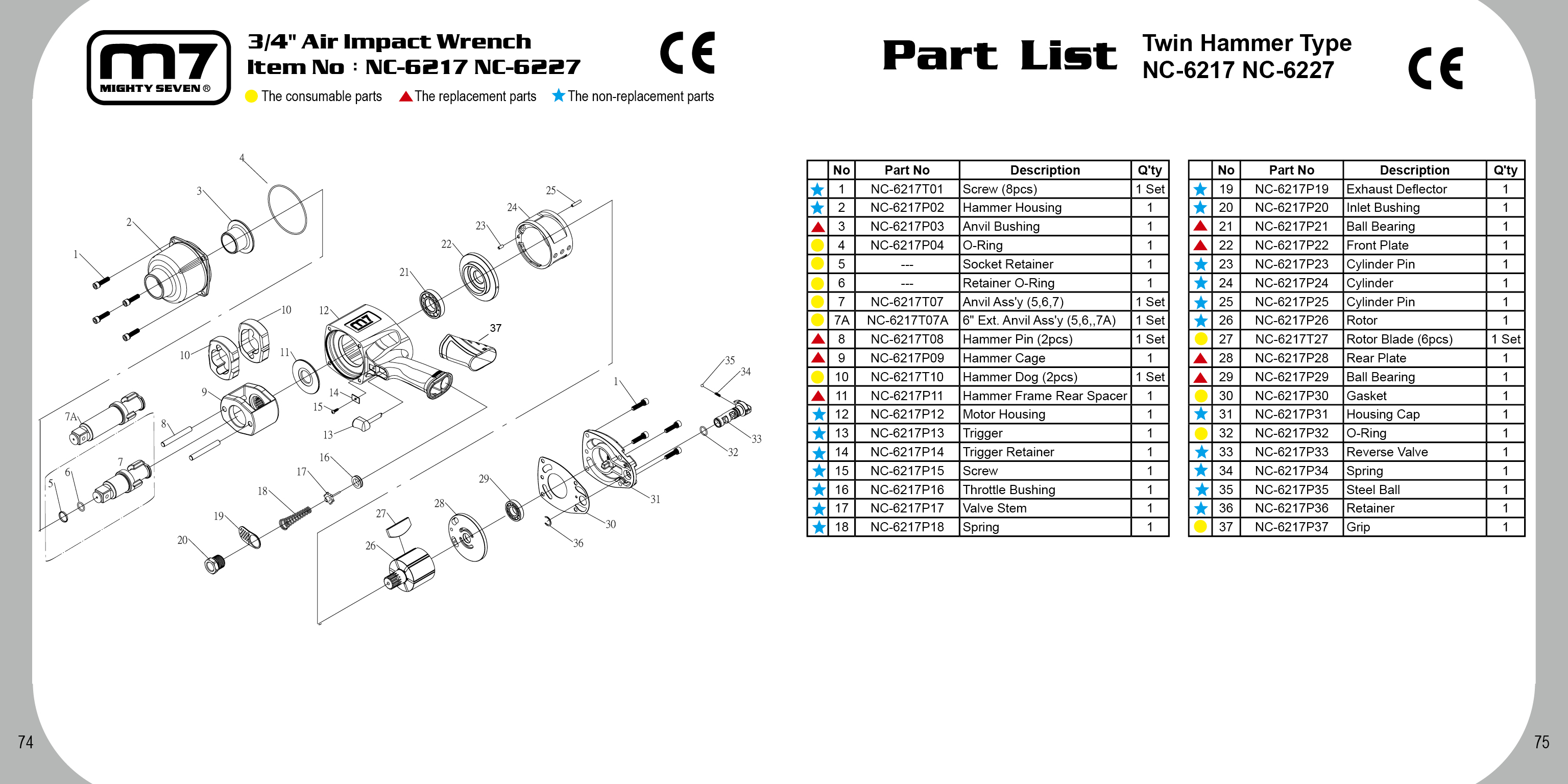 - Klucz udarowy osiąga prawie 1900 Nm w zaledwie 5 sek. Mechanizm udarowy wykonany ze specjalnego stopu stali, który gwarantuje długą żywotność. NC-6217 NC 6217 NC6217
——
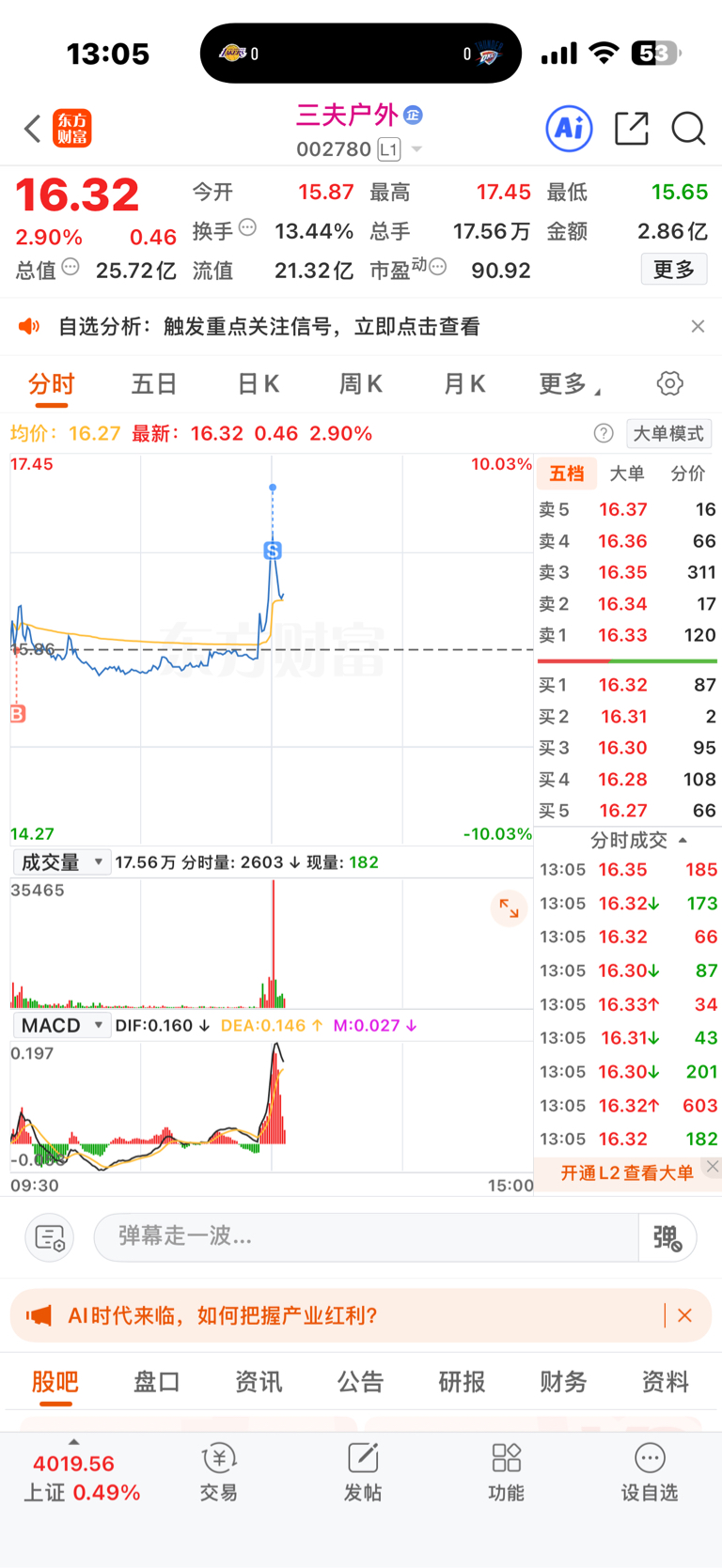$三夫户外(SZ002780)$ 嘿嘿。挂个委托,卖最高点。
——
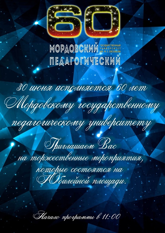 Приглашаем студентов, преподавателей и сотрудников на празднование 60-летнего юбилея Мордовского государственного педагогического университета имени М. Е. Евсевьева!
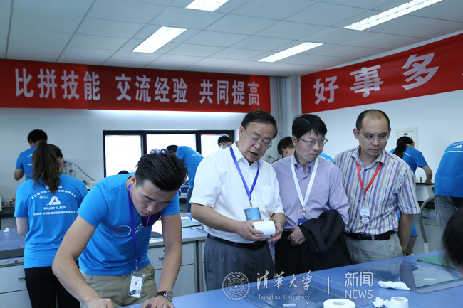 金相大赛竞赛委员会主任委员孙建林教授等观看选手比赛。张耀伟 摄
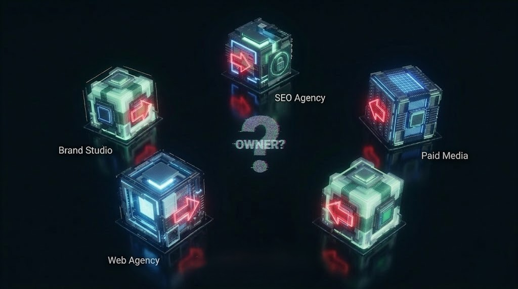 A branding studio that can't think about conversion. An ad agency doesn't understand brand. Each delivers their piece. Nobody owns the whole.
——
Task item>
Given the listing above, retype only the span of lines from the line with "金相大赛竞赛委员会主任委员孙建林教授等观看选手比赛。张耀伟 摄" up to and including the line with "A branding studio", exactly as it stands and without pictures.

Response box>
 金相大赛竞赛委员会主任委员孙建林教授等观看选手比赛。张耀伟 摄
 A branding studio that can't think about conversion. An ad agency doesn't understand brand. Each delivers their piece. Nobody owns the whole.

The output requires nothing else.